8/2 ; Kashihugo

4.6K 1K 56
                                    

Zema bukan sekadar melakukan ancaman pada Hugo. Tiga tahun membangun rumah tangga bersama, Hugo tahu akan keseriusan perempuan itu dalam berkata. Hugo akan langsung menjadi duda jika berani keluar dari rumah mertuanya. Zema yang sudah terlihat lelah dan enggan memberikan kesempatan dipisahkan jarak, itu adalah kode bahwa Zema tidak akan berbaik hati lagi. 

Pembicaraan yang terasa sangat berat itu akhirnya selesai.

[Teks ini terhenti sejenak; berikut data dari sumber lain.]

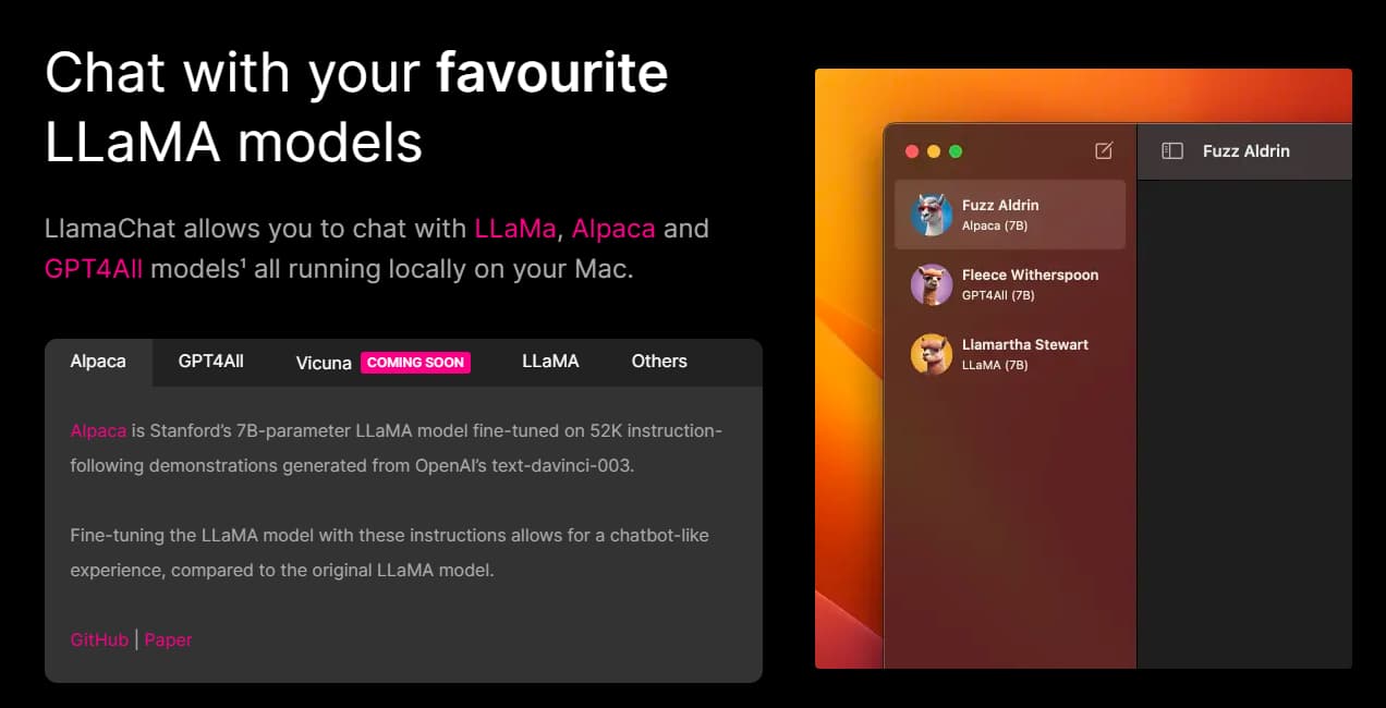 模型下载并完成合并后,MAC用户可以直接下载llamachat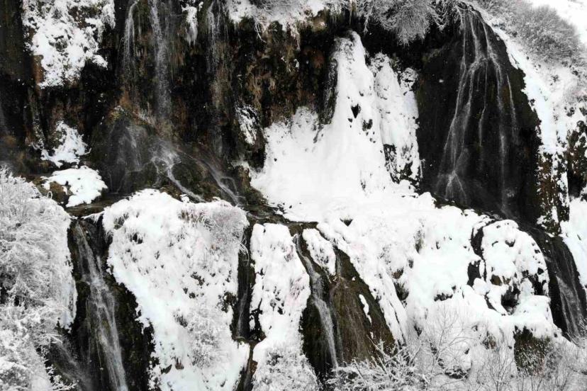 Beyaz gelinliğini giyen Girlevik Şelalesi kışın da göz kamaştırıyor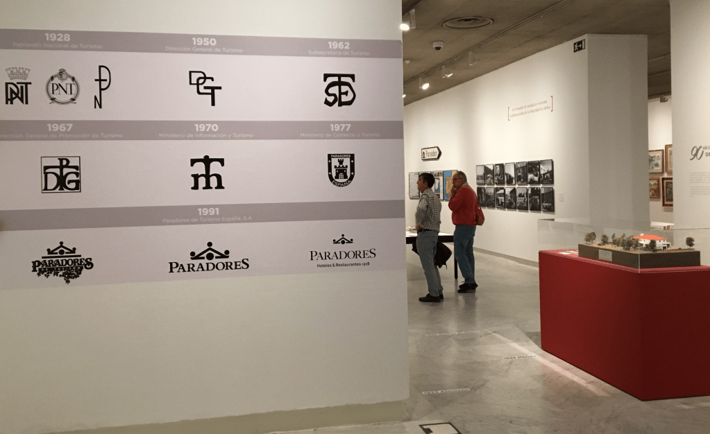 Al entrar a la exposición nos recibió el mural de la imagen, que mostraba la identidad gráfica de Paradores a lo largo de la historia.

Wijaya dan Kiana memilih untuk kembali ke Jakarta tanpa membawa putra mereka. Zema sendiri memilih untuk menyewa penginapan hingga mereka benar-benar hanya berdua. Zema berlaku adil dengan membiarkan mertuanya pulang ke Jakarta dan memilih menjauh dari orang tuanya juga. 

"Kamu bisa mulai cerita, sekarang."

Hugo menatap istrinya dengan takut. Kali ini Zema benar-benar tidak diam, melainkan langsung meminta suaminya untuk bicara. Tentu saja Hugo tak mau jika dirinya kehilangan kesempatan untuk bicara dan menjelaskan segalanya. 

"Kamu baca waktu itu pesan yang dikirim sama Cinta, kan? Aku juga jelasin kalo Emil--"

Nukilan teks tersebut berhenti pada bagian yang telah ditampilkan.